Timestamp your notes. Name them clearly. Link them to the relevant tasks or milestones. That is the whole system. Three habits that take ten seconds each and save hours of "wait, why did we do this?" conversations down the road.
What Good Project Documentation Looks Like
Good documentation is not long. It is findable, current, and connected to the work it describes.
A strong project notebook might have a decision log that gets updated whenever the team makes a meaningful choice. Each entry is a few sentences: what was decided, why, who was involved, and what alternatives were considered. That is it. Takes two minutes to write and saves an hour-long meeting three months later when someone asks "why are we using Postgres?"
Another useful pattern is a running notes page for each major feature or workstream. Every time someone investigates a problem, evaluates an option, or gets feedback, they add a few lines. Over time this becomes a living document that captures the full history of how a feature evolved. New team members can read through it and get up to speed without scheduling three onboarding meetings.
The point is not volume. It is continuity. A notebook with ten short entries updated over a month is more valuable than a 20-page spec written once and never touched again.
Stop Losing Context
Every project generates knowledge. Decisions, research, conversations, lessons learned. Most of that knowledge evaporates because it is captured in the wrong place or not captured at all.

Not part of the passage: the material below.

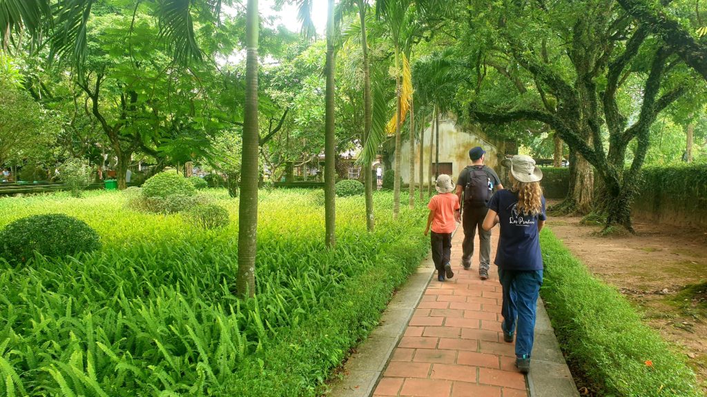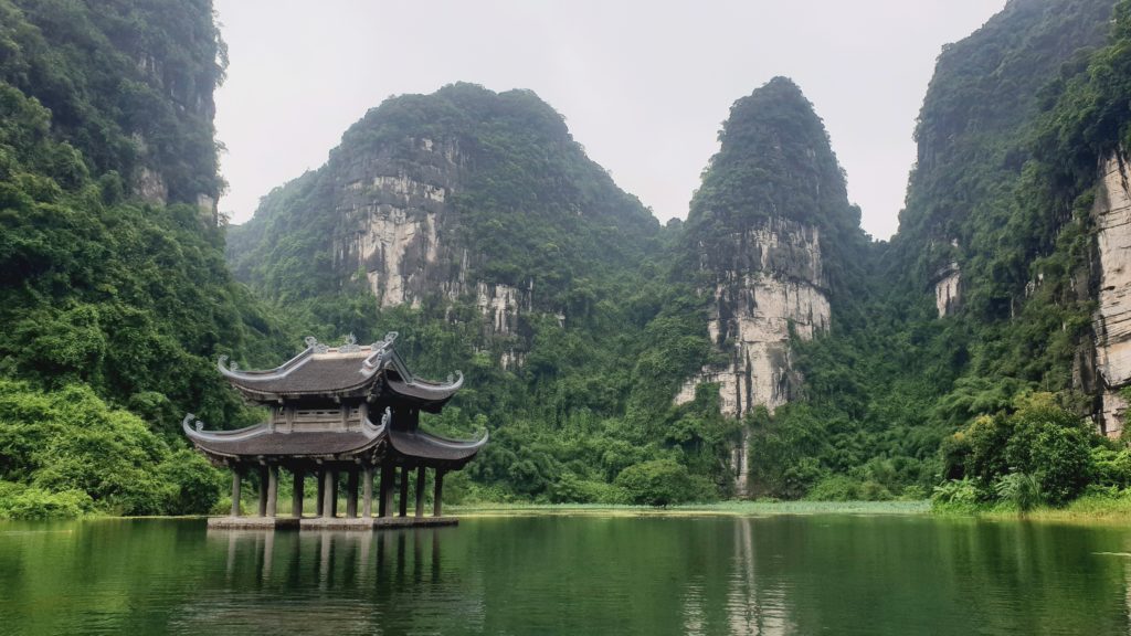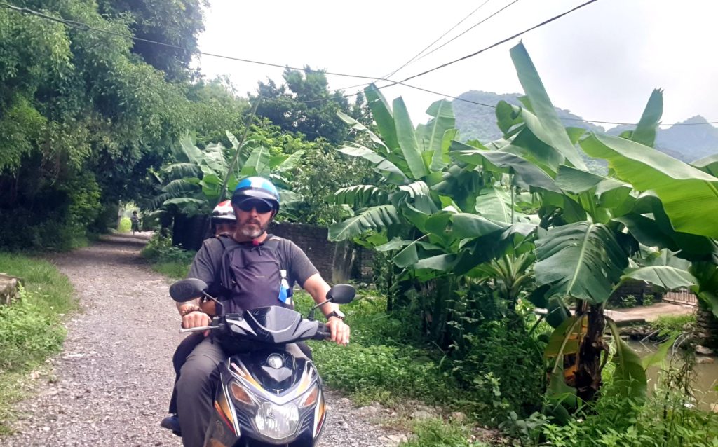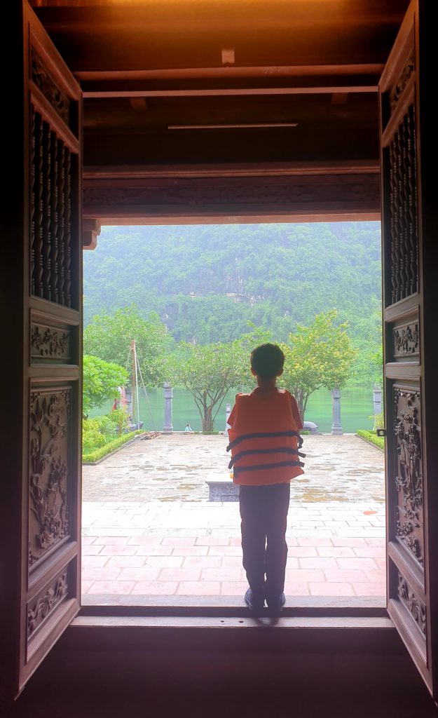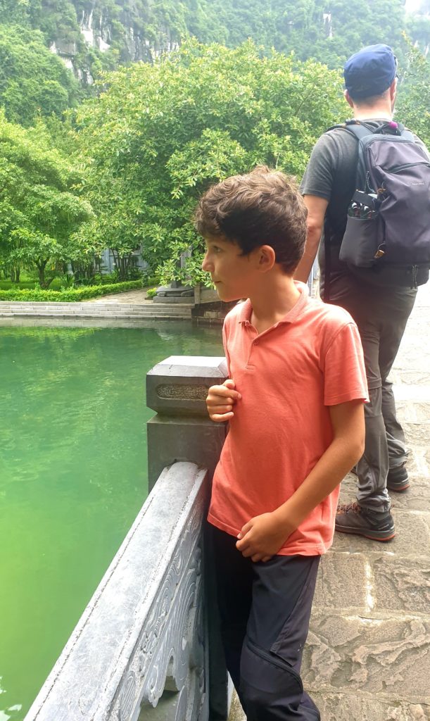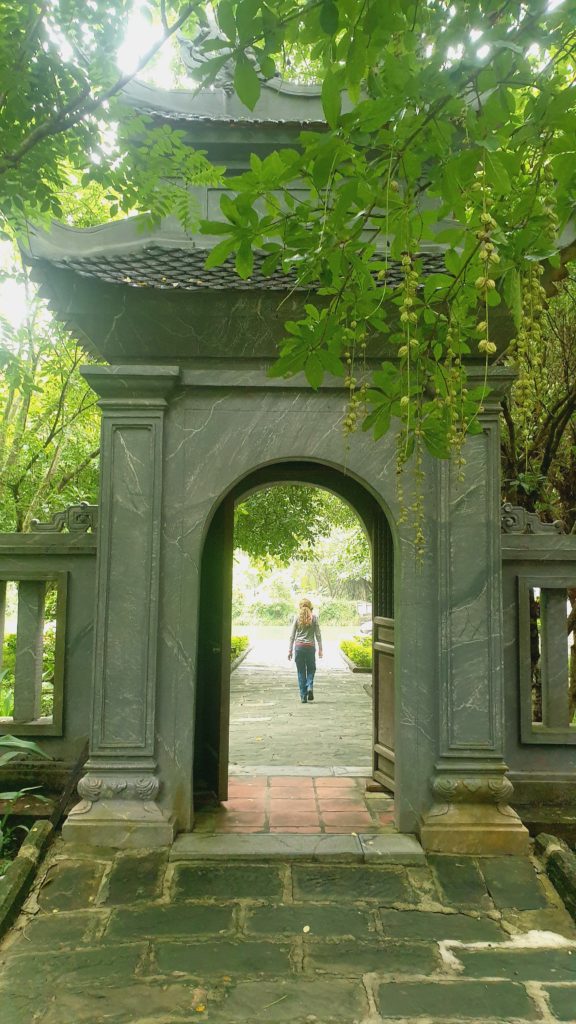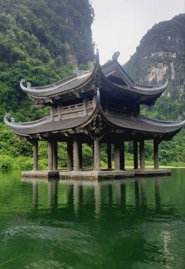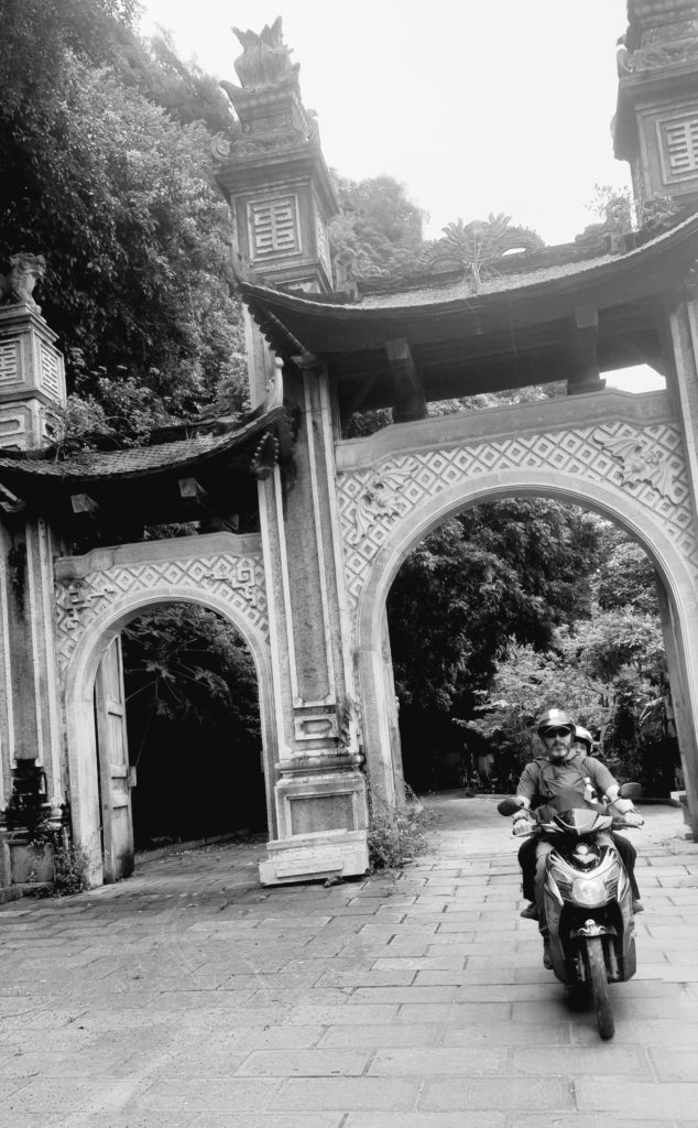Nous somme encore en scooter aujourd’hui. Nous poursuivons notre balade en direction de Hoa Lu, une très ancienne capitale, dont il ne reste que quelques bâtiments. Idéalement placée, ce très joli village est adorable : des toits recourbés, de l’eau, des vieux arbres, de la mousse, des oiseaux, les pains de sucre en toile de fond, tout est là.

You do not need a complex knowledge management system. You need a notebook that lives where your work lives. One that your whole team can see, search, and update without switching tools or asking for permissions.
Start with one notebook per project. Write down the stuff that matters. Link it to the work it relates to. That is the entire system. It takes less effort than you think, and the first time someone asks a question and you can just point them to a note instead of re-explaining from memory, you will wonder why you did not start sooner.